Sialyl-Lewis^{A}
- Names: Systematic IUPAC name (1^{2}S,1^{4}S,1^{5}R,1^{6}R,3^{2}R,3^{3}R,3^{4}S,3^{5}S,3^{6}R,5^{2}R,5^{3}S,5^{4}R,5^{5}R,5^{6}Ξ,7^{2}S,7^{3}S,7^{4}R,7^{5}S,7^{6}S)-1^{5},5^{5}-Diacetamido-1^{4},3^{3},3^{5},5^{6},7^{3},7^{4},7^{5}-heptahydroxy-3^{6},5^{2}-bis(hydroxymethyl)-7^{6}-methyl-1^{6}-[(1R,2R)-1,2,3-trihydroxypropyl]-2,4,6-trioxa-1,7(2),3(4,2),5(4,3)-tetraoxanaheptaphane-1^{2}-carboxylic acid

Identifiers
- CAS Number: 92448-22-1;
- 3D model (JSmol): Interactive image;
- ChEBI: CHEBI:61793;
- ChemSpider: 9160877;
- KEGG: G00257;
- MeSH: sialyl+Lewis+A
- PubChem CID: 10985677;
- UNII: ZEJ6FM4UJK;

Properties
- Chemical formula: C_{31}H_{52}N_{2}O_{23}
- Molar mass: 820.748 g·mol^{−1}

= CA19-9 =

Carbohydrate antigen 19-9 (CA19-9), also known as sialyl-Lewis^{A}, is a tetrasaccharide which is usually attached to O-glycans on the surface of cells. It is known to play a role in cell-to-cell recognition processes. It is also a tumor marker used primarily in the management of pancreatic cancer.

==Structure==
CA19-9 is the sialylated form of Lewis antigen^{A}. It is a tetrasaccharide with the sequence Neu5Acα2-3Galβ1-3[Fucα1-4]GlcNAcβ.

==Clinical significance==
===Tumor marker===
Guidelines from the American Society of Clinical Oncology discourage the use of CA19-9 as a screening test for cancer, particularly pancreatic cancer. The reason is that the test may be falsely normal (false negative) in many cases or abnormally elevated in people who have no cancer (false positive) in others. The main use of CA19-9 is therefore to see whether a pancreatic tumor is secreting it; if that is the case, then the levels should fall when the tumor is treated, and they may rise again if the disease recurs. Therefore it is useful as a surrogate marker for relapse.
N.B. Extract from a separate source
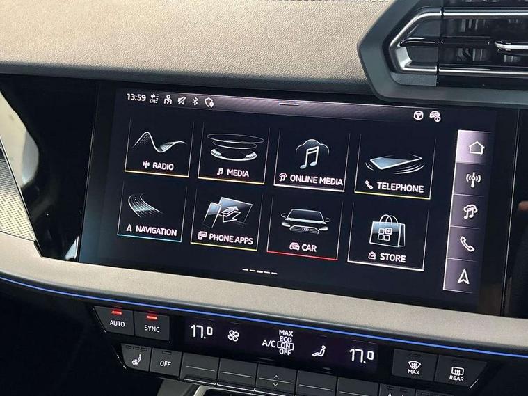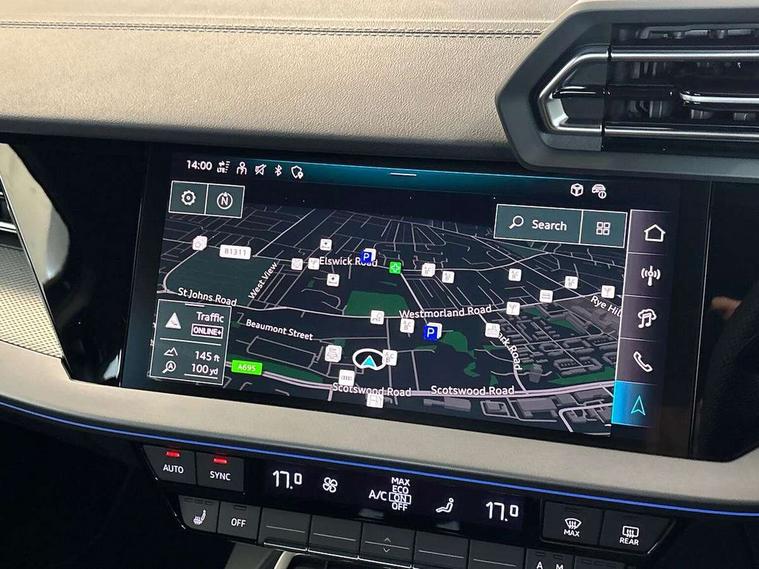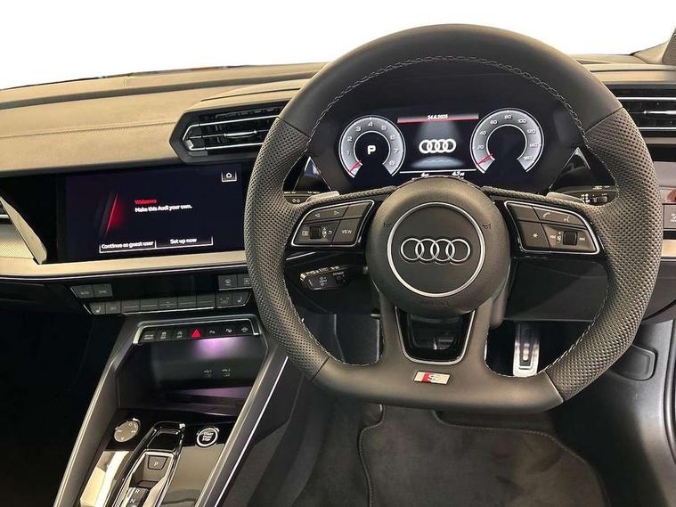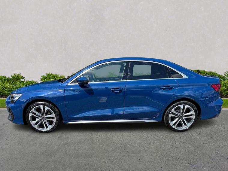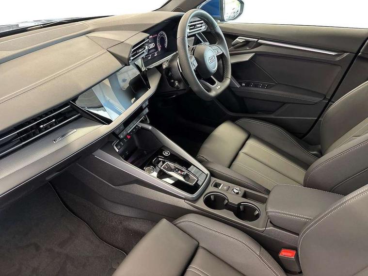 Adjustable speed limiter, Audi drive select, Audi smartphone interface with app store includes wireless Apple carplay, Android auto and Amazon alexa integration, Audi virtual cockpit plus - 12.3" full HD resolution dynamic digital instrument cluster, Automatic start/stop system with recuperation, Bluetooth interface, Camera based traffic sign recognition, Collision avoidance assistant, Cruise control, Distraction and Fatigue warning, e-Call (emergency call), Electromechanical power speed sensitive steering, Emergency assist, Lane departure warning system, MMI Navigation Plus with high resolution 10.1" colour touch screen display, Park Assist with parking system Plus, Service indicator, Trip computer, Voice control system with natural language interaction, Sports suspension, Audi Phonebox light with wireless charging, Audi sound system - 10 loudspeakers including centre loudspeaker and subwoofer, DAB Digital radio, USB ports with charging function in the rear, Acoustic glass windscreen, All weather light, Aluminium window trim, Auto dimming frameless rear view mirror, Automatic dynamic range control, Body colour exterior mirrors, Chrome exhaust tailpipes, Dipped beam, main beam, position light and turning light, Electrically adjustable/heated/folding/auto dimming door mirrors with integrated LED indications + kerb view function for passenger side, Exterior model badging, Front and rear side air inlets in grained matt black with dark liquid chrome frame, Front electric windows, Front radiator grill in high gloss dark chrome, Heat insulating glass windscreen, Illuminated door sills with aluminium inserts at the front with S logo, Intersection light, LED 3rd brake light, LED brake lights, LED daytime running x3, LED headlights with LED rear lights and dynamic rear indicators, LED rear number plate lights, LED reverse light, LED tail lights, Light and rain sensors, Manoeuvring light, Motorway light, Privacy glass - dark tinted rear window, rear door and side windows, Rear boot, Rear diffuser and grill in grained matt black with inlay in dark liquid chrome, Rear electric windows, Rear side wing doors, S line bumpers, Side S line emblems on front wings, Side sill trim in dark liquid chrome, Static cornering light, 12V socket and storage compartment in front centre console, 3 seat bench in 2nd row, 3 spoke flat bottomed leather multifunction sport steering wheel with gear shift paddles, 3-zone deluxe automatic air conditioning, 4 way electrically adjustable lumbar support for driver and front passenger, 40/20/40 split folding rear seat bench, Black cloth headlining, Black front and rear floor mats, Front and rear centre armrest in artificial leather with contrasting stitching on armrests and instrument panel, Front and rear headrests, Heated front seats, Height and reach adjustable steering wheel, Manual boot compartment lid, Manually adjustable front seats, Rear centre armrest with cupholder, S badging on the steering wheel, Seat side bolsters, Single front passenger seat, Stainless steel pedals and front footrest in black, Twin leather upholstery with front sports seats S embossed logo, Aluminium interior elements pack - A3, Multi-coloured LED interior lighting package with Multi-coloured contour lighting of instrument panel - A3, 3x3 point rear seat belts, Driver and front passenger airbag with passenger airbag deactivation, Electronic Stabilisation Control (ESC) including ABS, ASR and EDL, First aid kit with warning triangle and 2 safety vests, Front side airbags with head airbags and interaction airbag, Hill hold assist, Pre-sense front with pedestrian and cyclist detection, Seatbelt monitoring, Tyre pressure loss indicator, Anti theft alarm, Anti-theft wheel bolts, Electronically operated child locks, Immobiliser, Remote central locking with safelock, Black dashboard, Inlay in dark aluminium spectrum,

In people with pancreatic masses, CA19-9 can be useful in distinguishing between cancer and other diseases of the gland.

====Limitations====
CA19-9 can be elevated in many types of gastrointestinal cancer, such as colorectal cancer, esophageal cancer and hepatocellular carcinoma. Apart from cancer, elevated levels may occur in pancreatitis, cirrhosis, and diseases of the bile ducts. It can also be elevated in people with obstruction of the bile ducts.

In people who lack Lewis antigen^{A} (a blood type antigen on red blood cells), which is about 10% of the white population, CA19-9 is not produced by any cells, even in those with large tumors. This is because of a deficiency of a fucosyltransferase enzyme that is needed to produce Lewis antigen^{A}.

==History==
CA19-9 was discovered in the serum of patients with colon cancer and pancreatic cancer in 1981. It was characterized shortly after, and it was found to be carried primarily by mucins.